Recent clinical trials have failed to demonstrate a benefit in mortality/morbidity in critically ill, hospitalized patients treated with insulin-based therapy. In part, the failure to observe benefit with these intensified insulin regimens can be attributed to side effects of insulin therapy, especially hyperglycemia. In hospitalized patients, both those admitted to general medical/surgical wards, as well as those who are critically ill in intensive care units, we describe an alternate approach utilizing incretinometic agents.

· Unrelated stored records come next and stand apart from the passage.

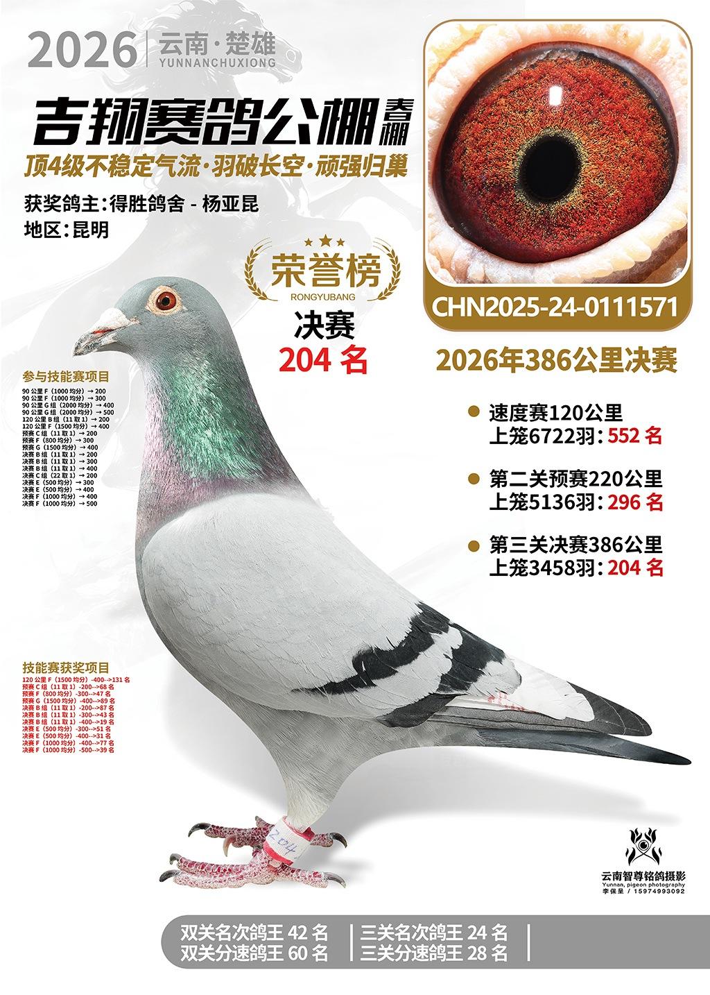 楚雄吉翔公棚(春棚)2026年386公里决赛获奖鸽欣赏
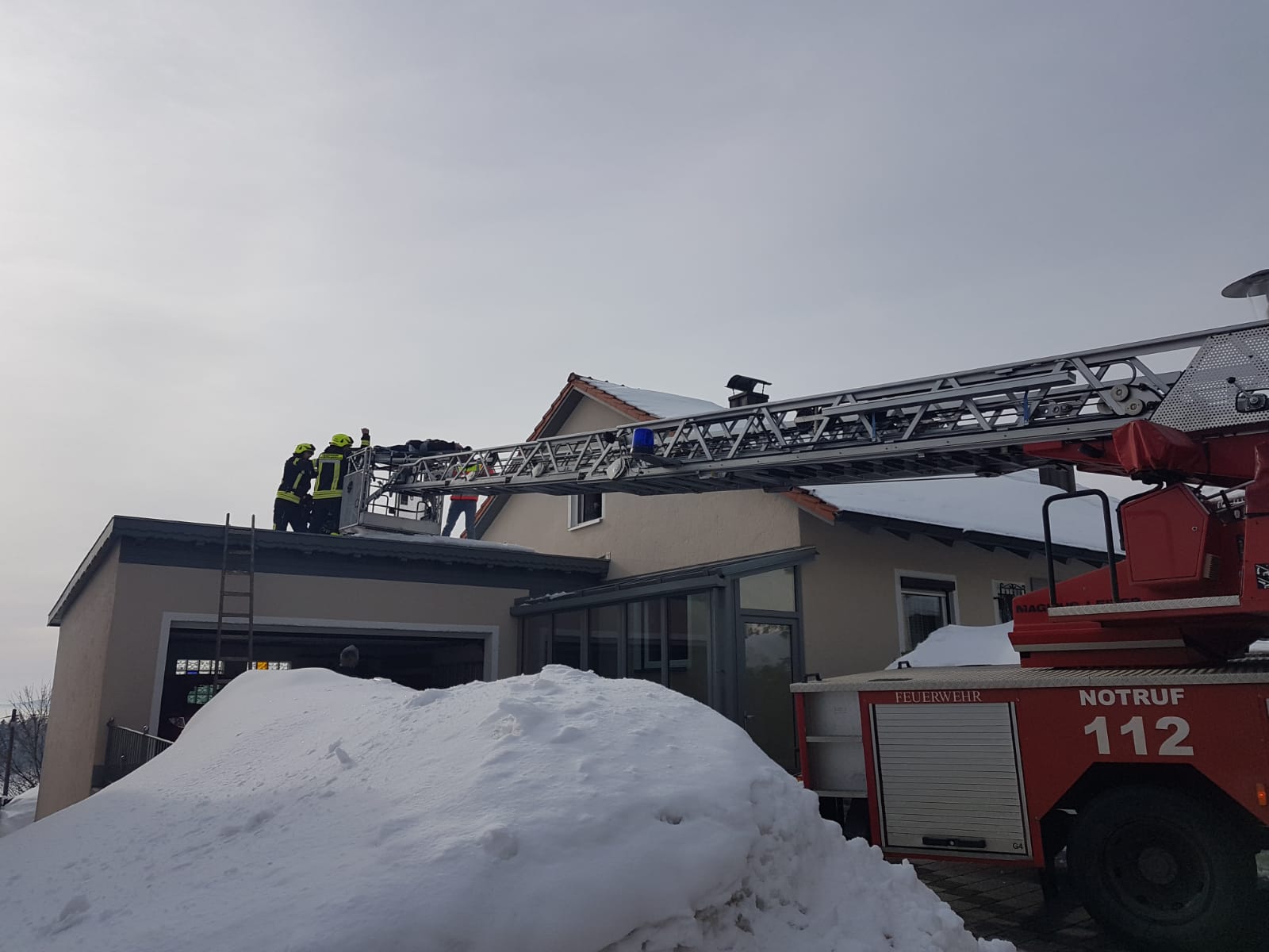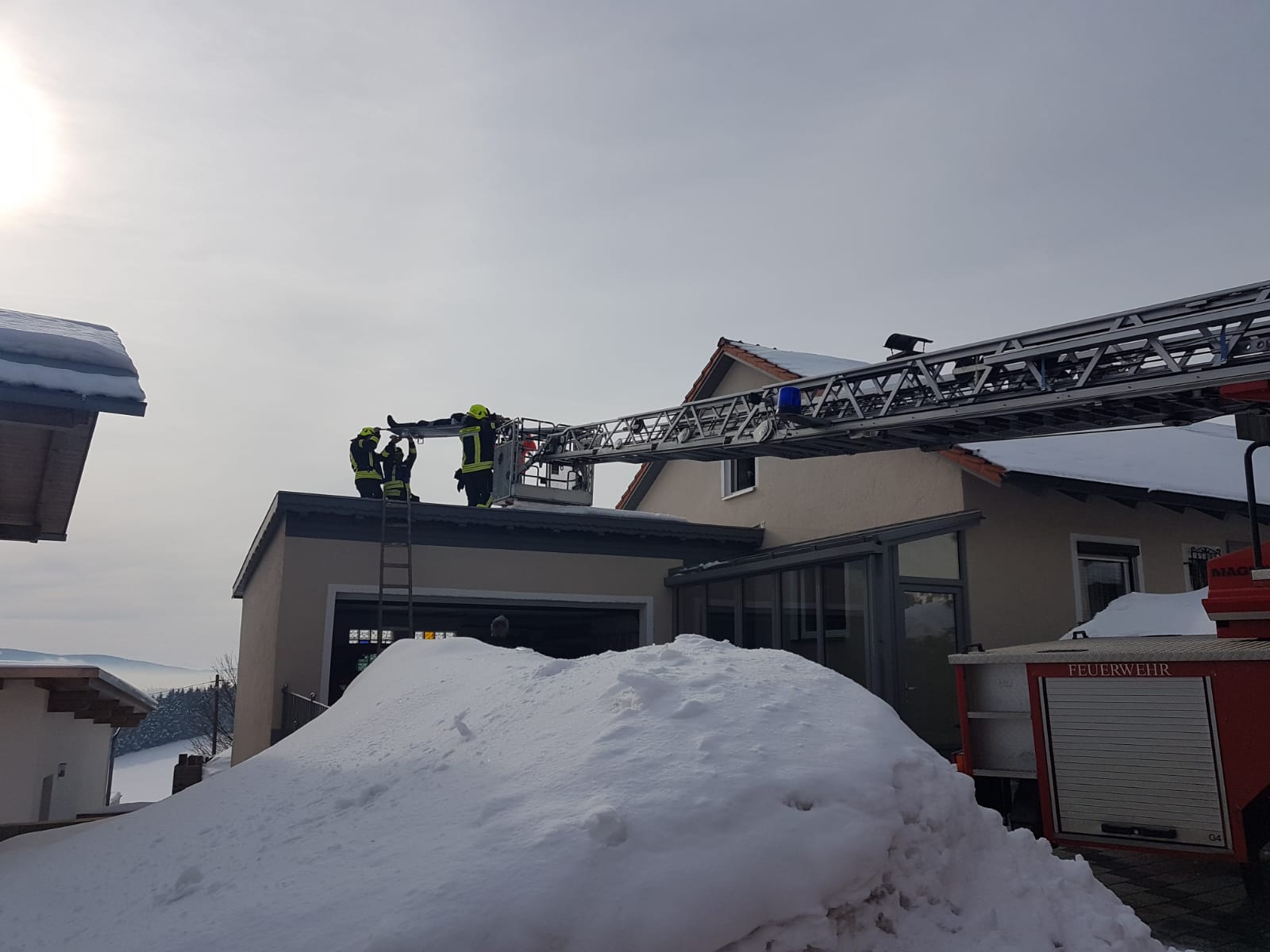 Eine Person wurde am 07.02.2019 in Thurnreuth mit der Drehleiter der FF Wegscheid von einem Dach gerettet und an den Rettungsdienst übergeben.
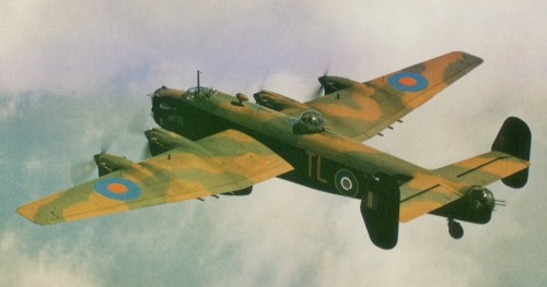 Een van de weinige kleurfoto’s van een Halifax II in vlucht
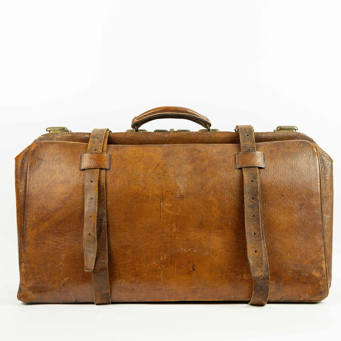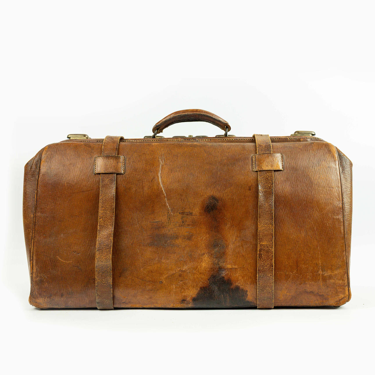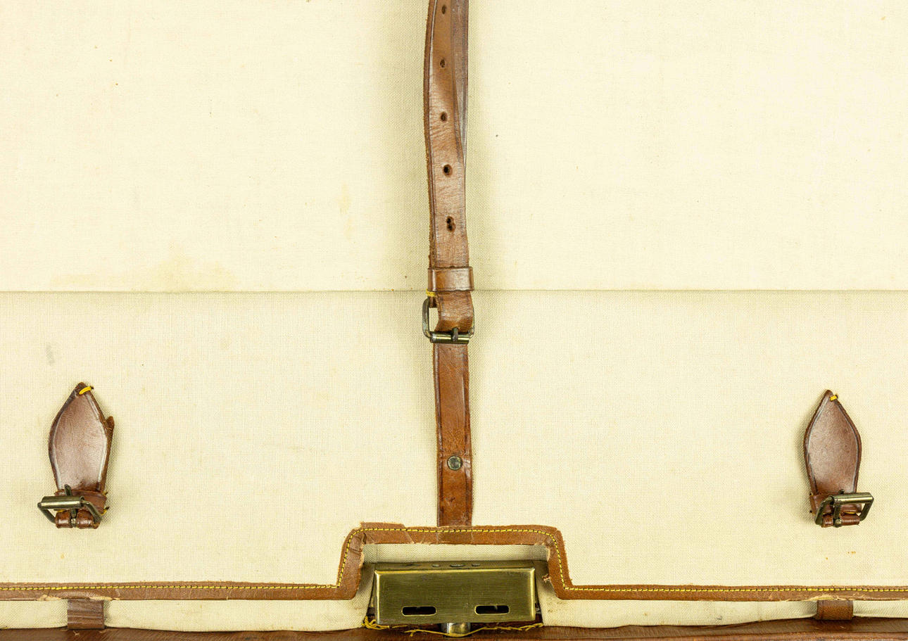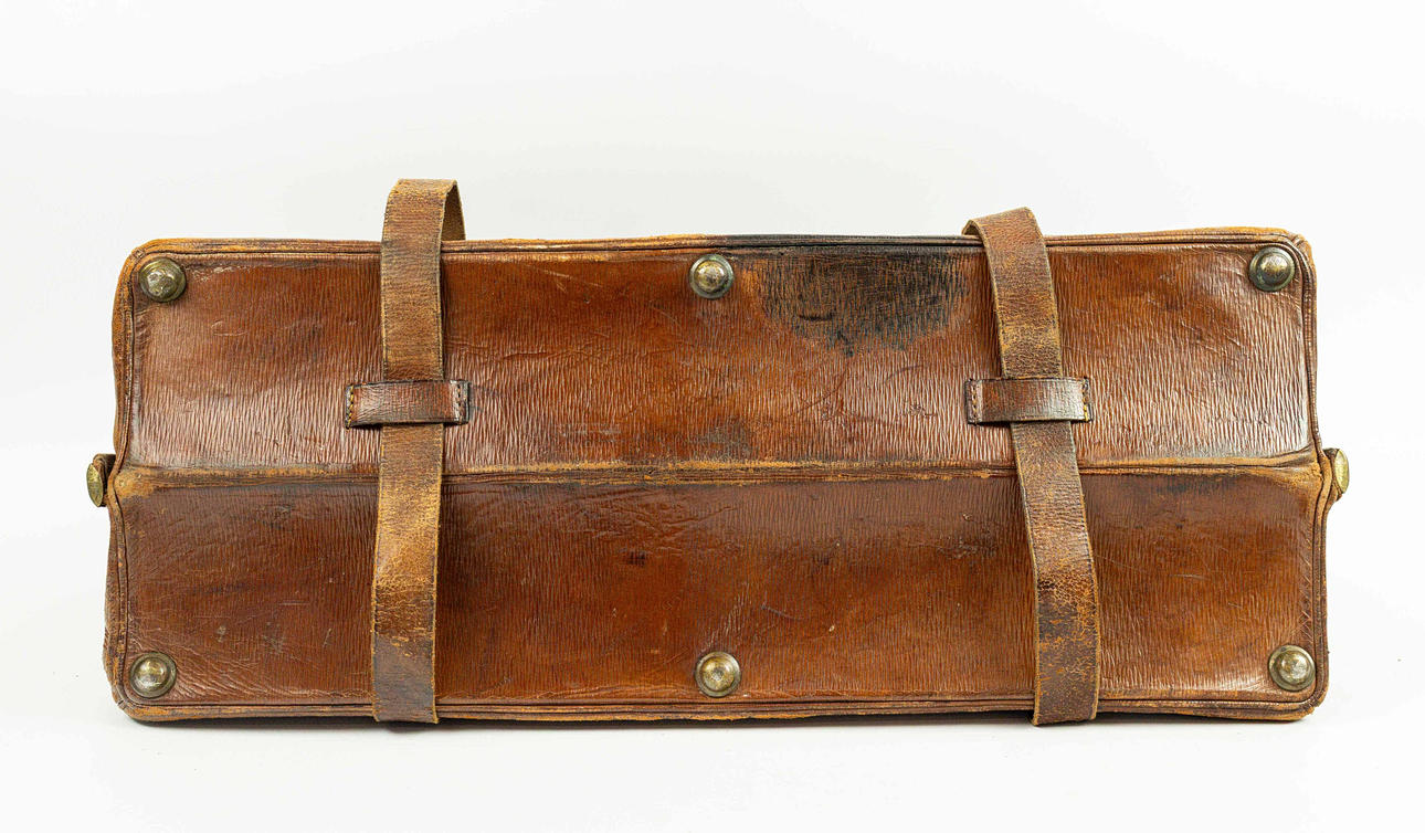 En stor läderväska, det djupa glansiga mahognyläderfodralet med originalremmar, handtag, spännen och säkra engelska lås, 60 cm x 33 cm H x 25 cm.

Incretin therapy can achieve normo-/near normoglycemic control (80–140 mg/dL) in hospitalized patients while minimizing the risk of hypoglycemia and capturing those cardiovascular benefits that accrue by achieving tight glycemic control and that are intrinsic to the incretins themselves. The approach is simple and practical, is not associated with significant side-effects, and does not require alteration of existing in-hospital protocols if concomitant insulin therapy is required. We look forward to, and encourage more clinical research to further validate and gain more experience with our recommended incretin-based therapeutic approach. Based upon (I) evidence-based practice, (II) knowledge about the pathophysiology of stress-induced hyperglycemia in critically ill, hospitalized patients, (III) the known mechanism of action of incretin hormones, (IV) the excellent benefit-risk ratio of incretin therapy, and (V) encouraging published results with incretin-based therapy, we believe that this approach has significant advantages (especially the lack of hypoglycemia) over (and if necessary, in combination with) insulin therapy.